▶ **TASK DATA**
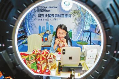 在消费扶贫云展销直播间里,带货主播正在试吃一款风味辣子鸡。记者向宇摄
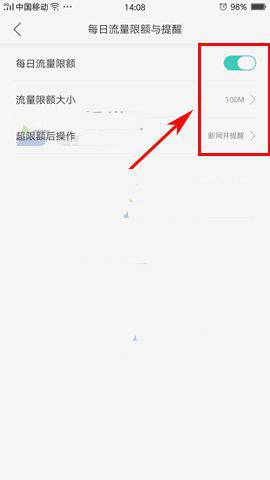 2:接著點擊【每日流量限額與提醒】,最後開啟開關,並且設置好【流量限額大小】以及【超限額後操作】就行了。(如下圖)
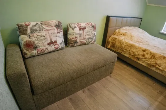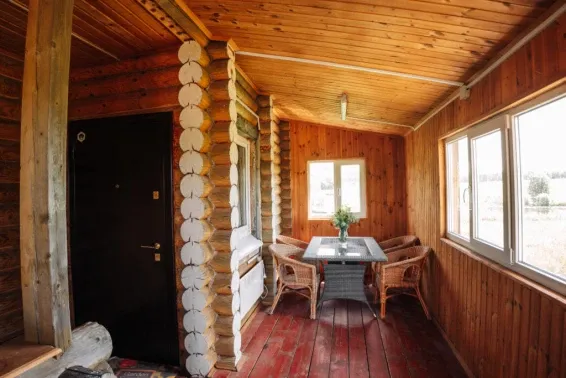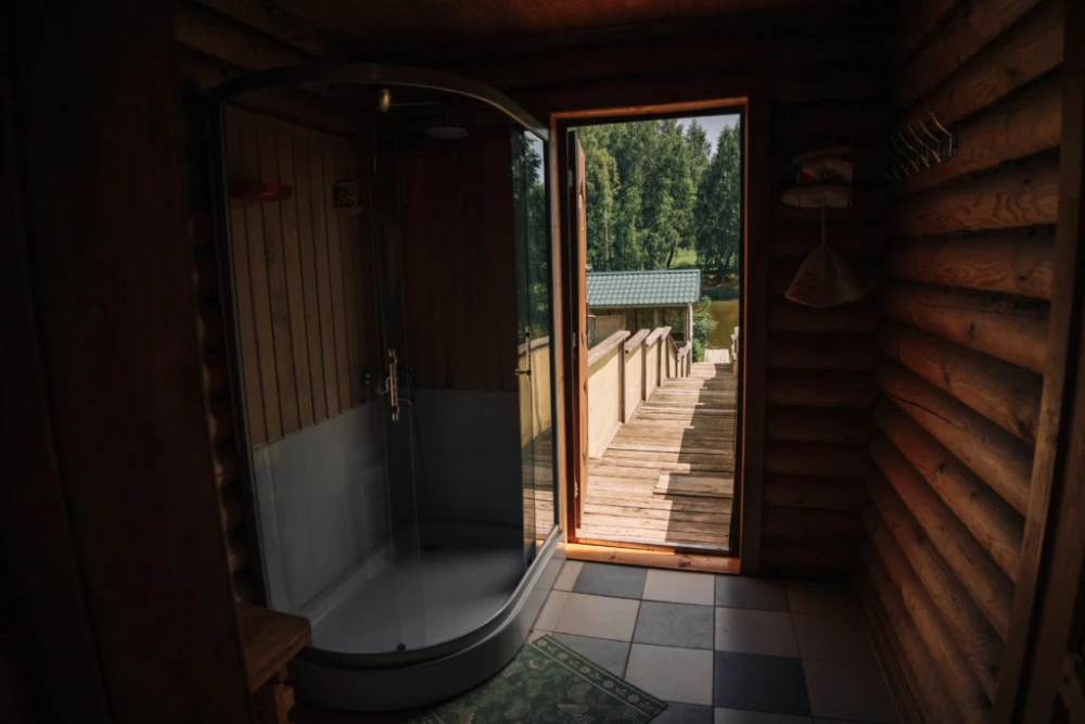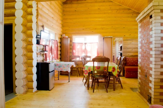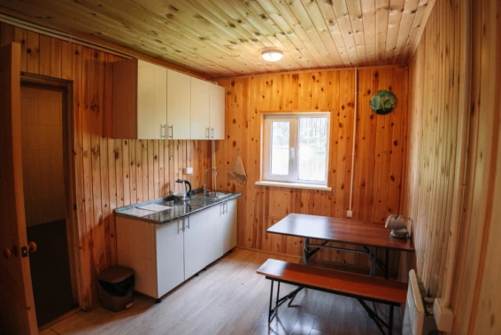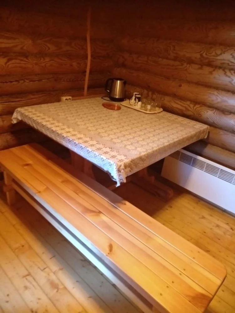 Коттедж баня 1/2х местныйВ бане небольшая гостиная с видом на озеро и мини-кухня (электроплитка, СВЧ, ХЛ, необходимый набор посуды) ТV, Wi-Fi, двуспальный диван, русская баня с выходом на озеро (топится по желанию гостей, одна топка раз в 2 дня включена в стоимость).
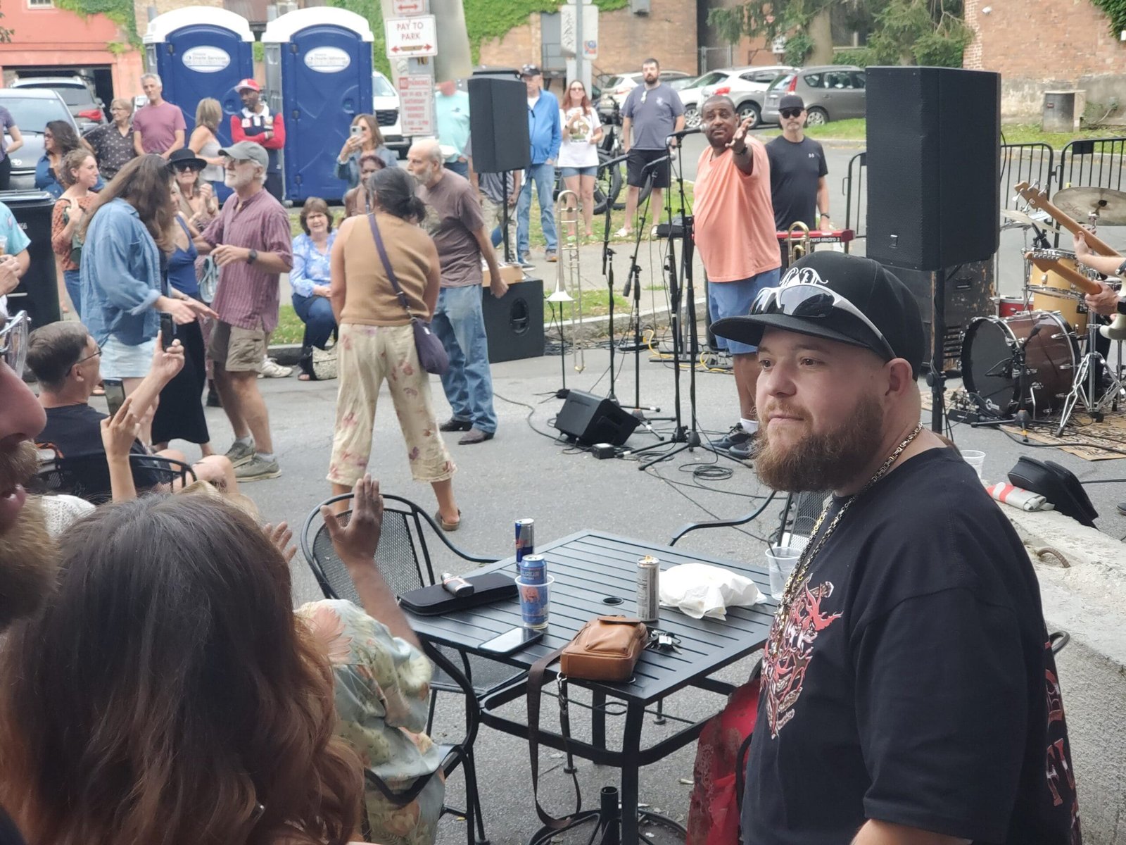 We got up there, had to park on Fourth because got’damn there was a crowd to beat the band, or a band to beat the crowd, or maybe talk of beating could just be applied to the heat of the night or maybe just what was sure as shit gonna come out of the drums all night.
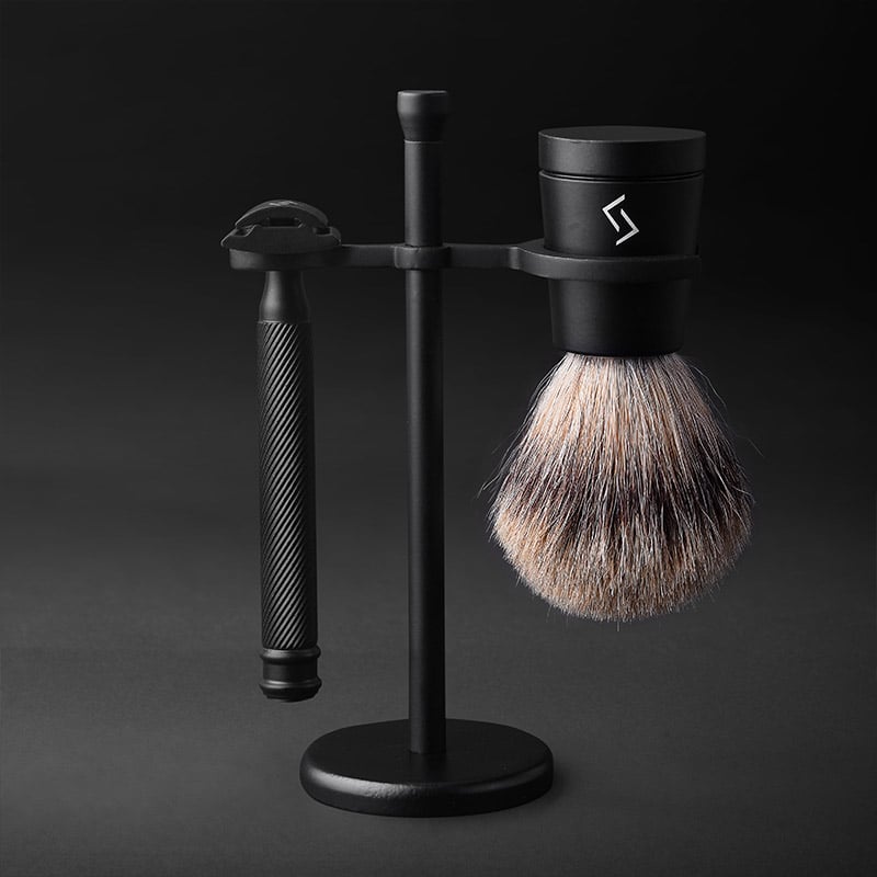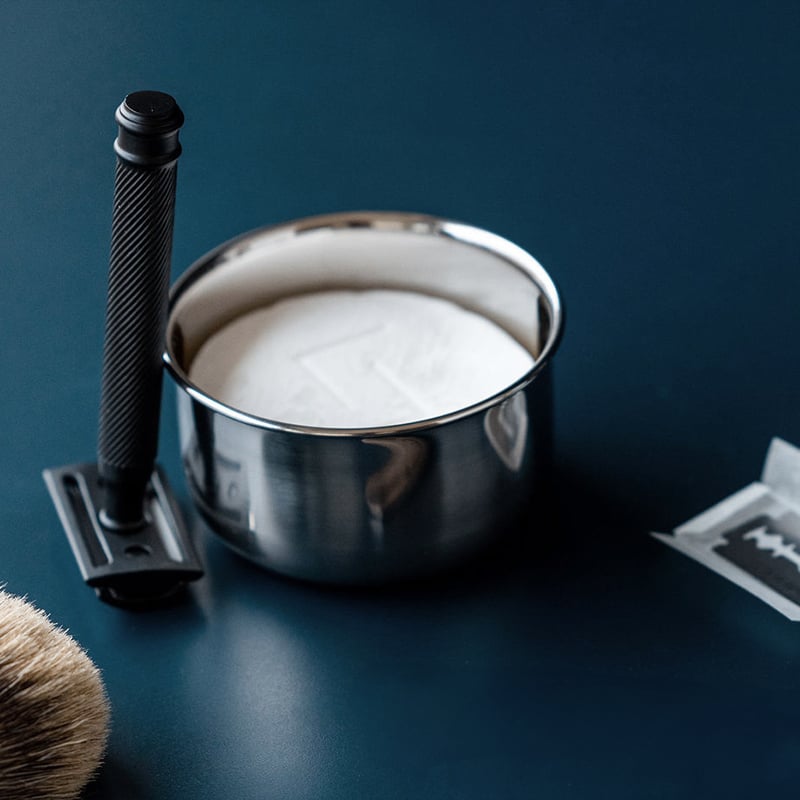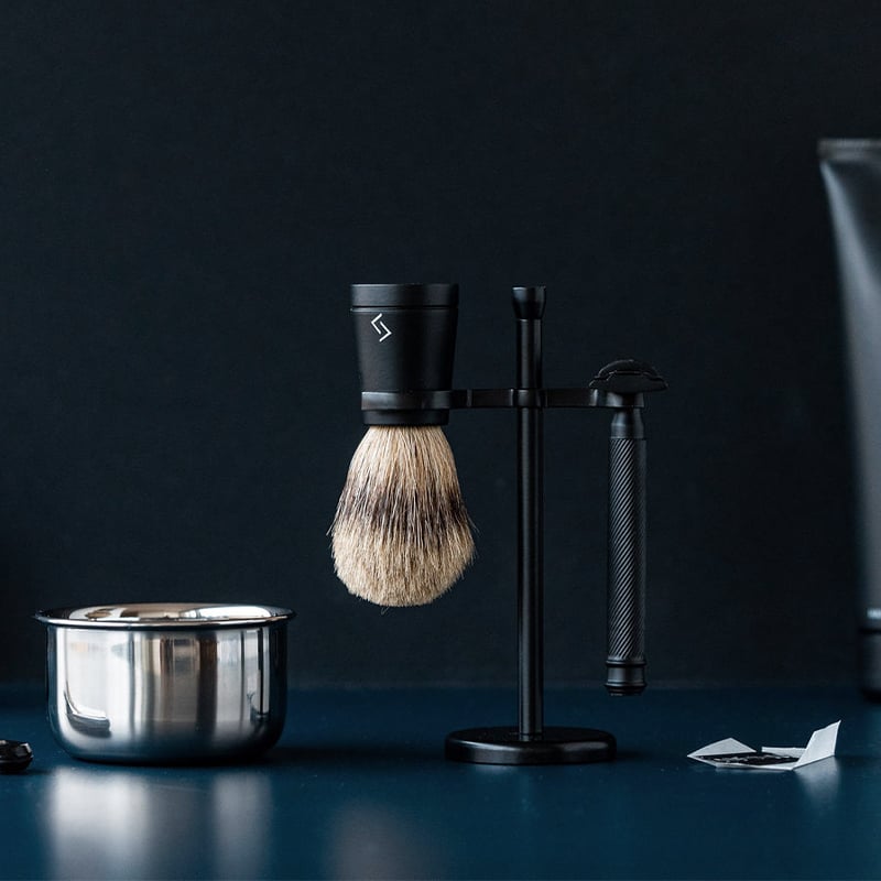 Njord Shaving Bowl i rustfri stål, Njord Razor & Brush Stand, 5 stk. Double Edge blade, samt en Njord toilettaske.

▶ **WHAT NEEDS TO BE DONE**
Your task is to repeat exactly the lines from the beginning of the data to the line that contains "2:接著點擊【每日流量限額與", both ends included, leaving out pictures.

▶ **WORKED SOLUTION**
 在消费扶贫云展销直播间里,带货主播正在试吃一款风味辣子鸡。记者向宇摄
 2:接著點擊【每日流量限額與提醒】,最後開啟開關,並且設置好【流量限額大小】以及【超限額後操作】就行了。(如下圖)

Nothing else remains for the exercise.